Give Great Expecations a solid try

https://www.youtube.com/watch?v=8Tw2TLUpQn8

“continuous data validation”, “automatic data validation”, “establish trust in your data for your stakeholders”

this assumes a very engineering-heavy org. definitely too much for NC!

q: what is a great expectation backend? there’s some state-keeping file at 11’40

prefect seems very smart, they’re basically a pythonic DSL for DAGs

https://www.youtube.com/watch?v=uM9DB2ca8T8

examples are always for relatively simple problems (e.g. increase in 0-passenger-rides), but useful for a lot of usecases

show datadocs

terminology:

“expectation suite”: a set of tests on data

great_expectations init creates a “data context”

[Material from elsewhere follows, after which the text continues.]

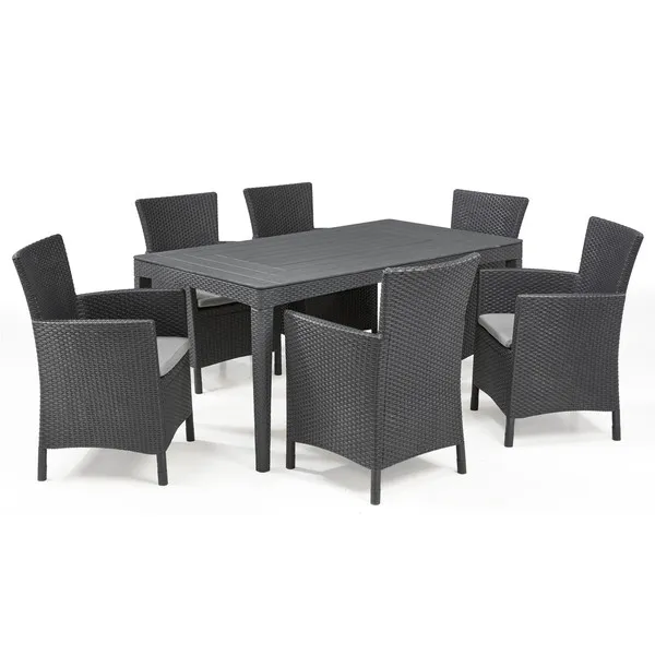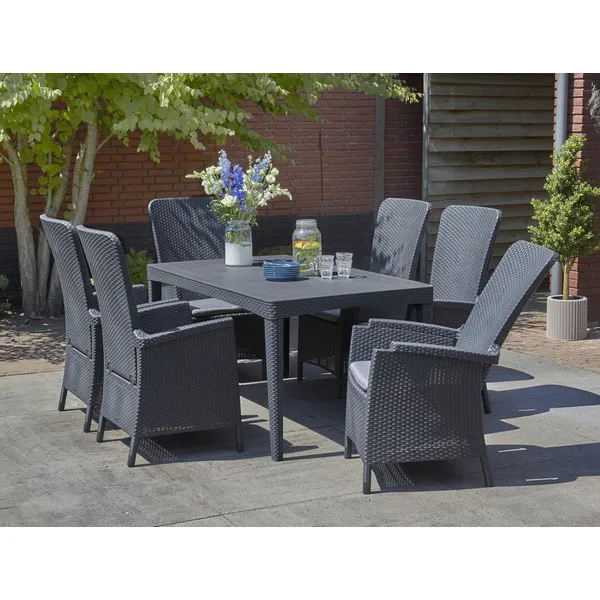 A Girona asztalcsalád azoknak fogja elnyerni a tetszését, akik értékelik a természetes rattanra emlékeztető, lekerekített vagy lapos szövésű mintával díszített bútorok stílusát és eleganciáját. Az asztalt rendkívül könnyű összeszerelni és tisztán tartani. A termék ellenáll a kölső hatások okozta sérüléseknek, a kedvezőtlen időjárási körülmények és az UV-sugarak hosszú távú hatásainak is.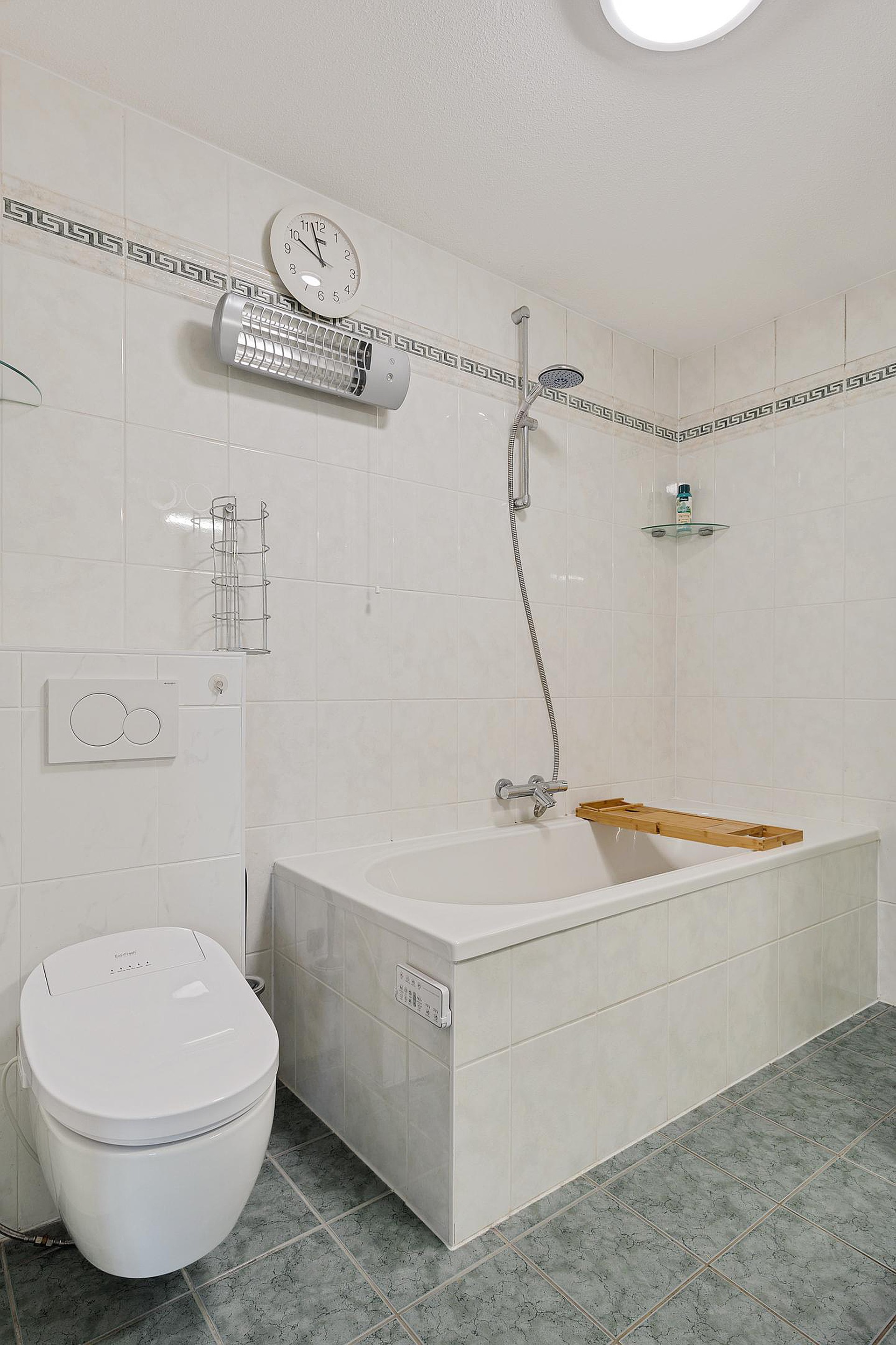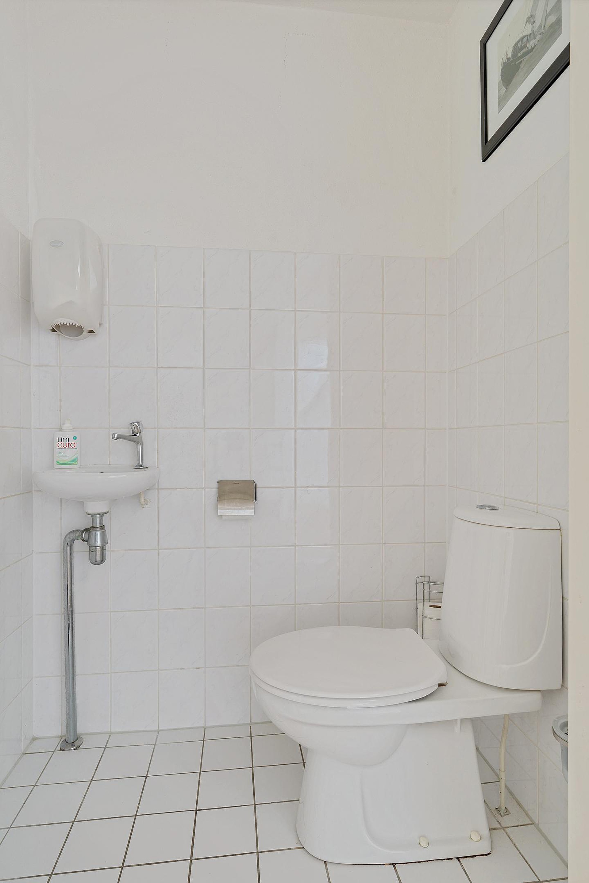 De modern en licht betegelde toiletruimte is voorzien van een fonteintje en afgewerkt in een frisse, tijdloze kleurstelling.

“data source” lives in a data context, and is a database connection or S3 connection (wherever the data lives) (created with great_expectations datasource new)

they make the analogy “test suite” / “expectation suite”

at the moment, there’s a jupyter notebook to create the expectations - but a point-and-click UI is planned

jupyter notebook:

loads data context
sets up an expectation suite
creates a “batch” (not explained further)
you then create expectations interactively

there’s a big glossary of available expectations.

idea: write expectation suite against “gold standard data”, and then run it against new data

there’s a “mostly” operator, which adds tolerance (e.g. ”I expect most data to be in range“)

Interesting thought: is there a way to see if some rows are more prone to be subject to “mostly”?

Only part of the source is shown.